According to Benjamin Herold in an Education Week blog post, “Companies Offer Big Data Tools to Predict Teacher Candidates’ Impact,” there are at least two companies, TeacherMatch and Hanover Research, that have created and marketed teacher hiring instruments that echo some of the mining of “big data” common to the work of Evolv and Knack. The outcome portion of the algorithms they have developed are limited to “student achievement,” but if accurately predictive they may well be a huge boost in the hiring and hopefully the retention of capable teachers.
TeacherMatch in particular is based on a research project conducted by the University of Chicago and the Northwest Evaluation Association as lead entities, and which sorted years of information that link teacher candidate qualities to presumably test score based positive outcomes.

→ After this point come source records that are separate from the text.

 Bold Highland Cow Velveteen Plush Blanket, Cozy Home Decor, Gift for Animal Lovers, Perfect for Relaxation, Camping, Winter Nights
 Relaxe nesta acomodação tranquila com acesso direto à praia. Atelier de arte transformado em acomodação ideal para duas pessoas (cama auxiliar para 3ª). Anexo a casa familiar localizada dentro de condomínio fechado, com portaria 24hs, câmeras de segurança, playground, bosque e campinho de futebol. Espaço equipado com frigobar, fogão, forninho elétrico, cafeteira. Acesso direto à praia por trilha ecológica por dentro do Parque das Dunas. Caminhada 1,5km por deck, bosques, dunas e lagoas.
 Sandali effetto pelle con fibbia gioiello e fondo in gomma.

The conclusion of the research on what makes a good teacher candidate? Hardly revolutionary. The attributes of the desirable applicant are, according to Herold, “qualifications, including the selectivity of the college or university a candidate attended; attitude, including indicators related to a candidate’s penchant for persevering through difficult challenges; cognitive ability, as measured on tests of content and knowledge; and teaching skills.”

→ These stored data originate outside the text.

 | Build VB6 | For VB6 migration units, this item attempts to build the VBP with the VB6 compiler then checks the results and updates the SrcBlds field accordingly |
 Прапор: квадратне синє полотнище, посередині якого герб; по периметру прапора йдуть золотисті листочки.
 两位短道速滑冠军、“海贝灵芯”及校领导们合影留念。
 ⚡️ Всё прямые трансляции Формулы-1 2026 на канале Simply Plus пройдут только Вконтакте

The devil seems to be in the details. How does one measure a “penchant for persevering,” as well as other items in “attitude?” And how does one evaluate “teaching skills” by other than observation, preferably over time? I admit I am surprised that some measure of interpersonal intelligence is not prominent. All of these characteristics seem to pose difficult translations for the algorithm screening instruments of the sort utilized by Evolv and Knack, but TeacherMatch and its similar competitor Paragon K-12 (from Hanover Research) seem to be worth watching as they dive into the real world of school systems. With their research heritage, one assumes that their algorithms will undergo revision with more refined data.

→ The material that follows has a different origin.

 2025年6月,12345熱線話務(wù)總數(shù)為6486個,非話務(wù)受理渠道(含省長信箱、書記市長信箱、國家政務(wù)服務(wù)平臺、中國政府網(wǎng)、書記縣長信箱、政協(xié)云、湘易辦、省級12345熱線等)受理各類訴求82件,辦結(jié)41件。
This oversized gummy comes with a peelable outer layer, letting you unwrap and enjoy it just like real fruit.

That said, the innovative work crafted in the private sector by Knack and Evolv, and by Sandy Pentland are worthy of experiments in adaptation to the school community. Pentland’s work clearly delves into capacity for teamwork, which is crucial in a well-functioning school. Might there be a correlation between a successful school and the pattern of communication and teamwork it displays? Schools would do well to patch in Knack’s work in identifying hires with a capacity for innovation, and Evolv seems to have done the most complete work of the group in moving from hire to outcome, albeit with more circumscribed role hires.
Evolv has even moved beyond their pre-hire assessments to ongoing evaluation of aspects of the new hires’ life within the company. According to Don Peck again, this includes evaluation “about not only performance and duration of service but also who trained the employees; who has managed them; whether they were promoted to a supervisory role, and how quickly; how they performed in that role; and why they eventually left.” Simply the list of the types of data Evolv looks at would be instructive for schools whose personnel sophistication is generally on a significantly lower level.
Time isn’t really on our side, but the evolution of hiring instruments will take time – another reminder that the reform of American schools, and their transition into 21st century organizations, involves a long term conversion of a culture.